Ciclistas
Paul Seixas está para Tour pero no para suceder a Pogacar
Quienes vean a Paul Seixas el sucesor de Pogacar están muy equivocados
Entender la irrupción de Paul Seixas exige mirar un año atrás, cuando era una promesa señalada pero sin el halo de estrellas fulgurantes que hoy le rodea.
Nadie imaginaba un rodar tan rápido ni un crecimiento tan prematuro.
Su rendimiento ha despertado a una Francia ciclista aletargada, ansiosa tras cuatro décadas y pico de sequía desde el triunfo de Hinault en 1985.
Que un chaval que ni roza los veinte años haya peleado el podio del Tour de Francia exige máximo respeto.
Llegó a la gran ronda con el pie cambiado, sin planificarlo en invierno.
De hecho hace medio año, a caballo entre enero y febrero, tampoco le veíamos en el Tour.
Su brillante primavera, ganando con soltura en escenarios exigentes, le abrió la puerta a la carrera más compleja del calendario.
Para un francés, asumir esa responsabilidad suele ser una losa; Seixas la ha encarado con una valentía tremenda, sin arrugarse.
Lo mejor de este corredor ha sido su actitud en carretera.

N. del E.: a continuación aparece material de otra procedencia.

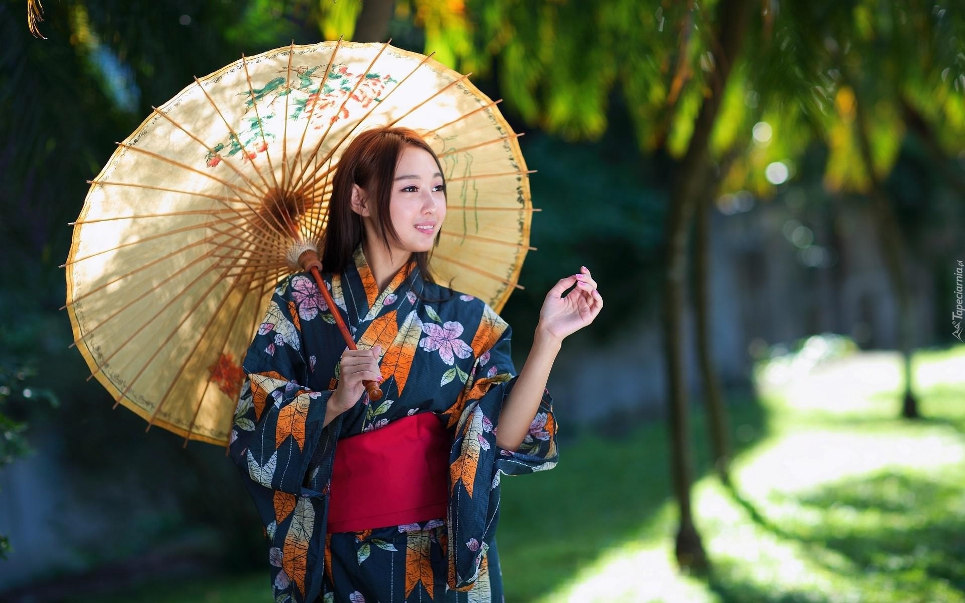 Edytor tapety: Uśmiechnięta, Azjatka, kimono, Parasolka

Jamás se ha escondido ni ha escatimado un solo vatio.
Cuando asumía el mando del grupo, no pedía relevos: tiraba, tiraba y tiraba.
Llevaba a sus rivales a rueda, pero su único objetivo era asegurar la plaza en la general.
Al final no ha podido superar a Isaac del Toro, sencillamente porque el mexicano ha tenido más cosas a su favor, pero la igualdad entre ambos ha sido evidente.
Si algo ha desequilibrado la balanza, ha sido el respaldo colectivo.
Del Toro dispuso de un bloque potente en momentos clave, demostrando que la estructura de Decathlon aún no alcanza la dimensión de UAE, aunque trabaje para acercarse.
Paul Seixas ya sabe dónde se ubica respecto a los mejores.
Guarda el mayor margen de progresión del pelotón, pero conviene no confundir los términos.
Compararlo con Pogacar es un error irrealizable para el noventa y nueve por ciento de los ciclistas.
Este joven francés, criado en una región de profunda tradición ciclista, debe seguir su propio camino sin prisas. Si al final es él quien devuelve el Tour a Francia, nos alegraremos sinceramente.